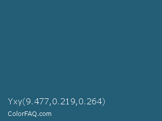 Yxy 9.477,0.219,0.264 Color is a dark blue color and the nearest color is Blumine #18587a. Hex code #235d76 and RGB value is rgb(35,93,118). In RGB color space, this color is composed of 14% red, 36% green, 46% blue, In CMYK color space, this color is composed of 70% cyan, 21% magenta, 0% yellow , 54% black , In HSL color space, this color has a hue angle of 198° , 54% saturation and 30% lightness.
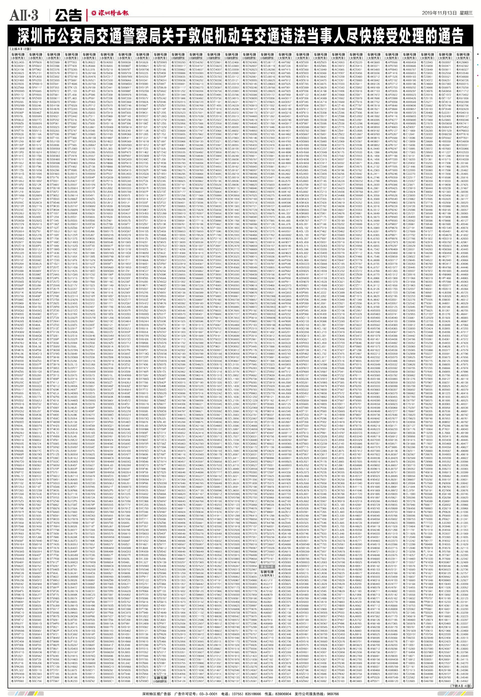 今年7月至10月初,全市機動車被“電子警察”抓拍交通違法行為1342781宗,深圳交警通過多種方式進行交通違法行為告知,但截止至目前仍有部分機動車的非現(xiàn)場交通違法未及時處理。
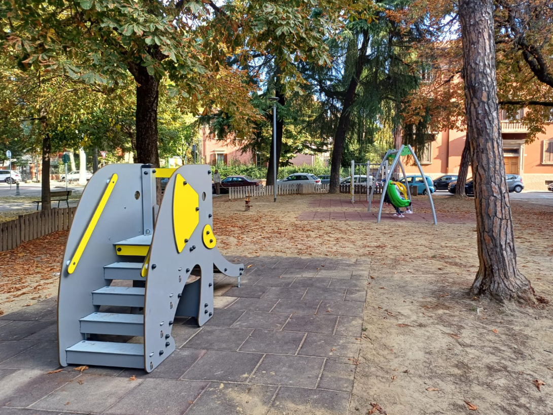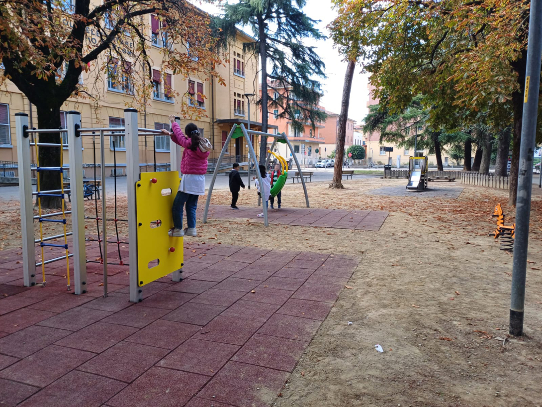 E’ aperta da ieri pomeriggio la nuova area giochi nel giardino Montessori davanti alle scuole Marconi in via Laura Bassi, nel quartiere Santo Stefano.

WHAT THE EXERCISE ASKS =>
Return the whole listing word for word, minus its pictures.

ANSWER SECTION =>
 Yxy 9.477,0.219,0.264 Color is a dark blue color and the nearest color is Blumine #18587a. Hex code #235d76 and RGB value is rgb(35,93,118). In RGB color space, this color is composed of 14% red, 36% green, 46% blue, In CMYK color space, this color is composed of 70% cyan, 21% magenta, 0% yellow , 54% black , In HSL color space, this color has a hue angle of 198° , 54% saturation and 30% lightness.
 今年7月至10月初,全市機動車被“電子警察”抓拍交通違法行為1342781宗,深圳交警通過多種方式進行交通違法行為告知,但截止至目前仍有部分機動車的非現(xiàn)場交通違法未及時處理。
 E’ aperta da ieri pomeriggio la nuova area giochi nel giardino Montessori davanti alle scuole Marconi in via Laura Bassi, nel quartiere Santo Stefano.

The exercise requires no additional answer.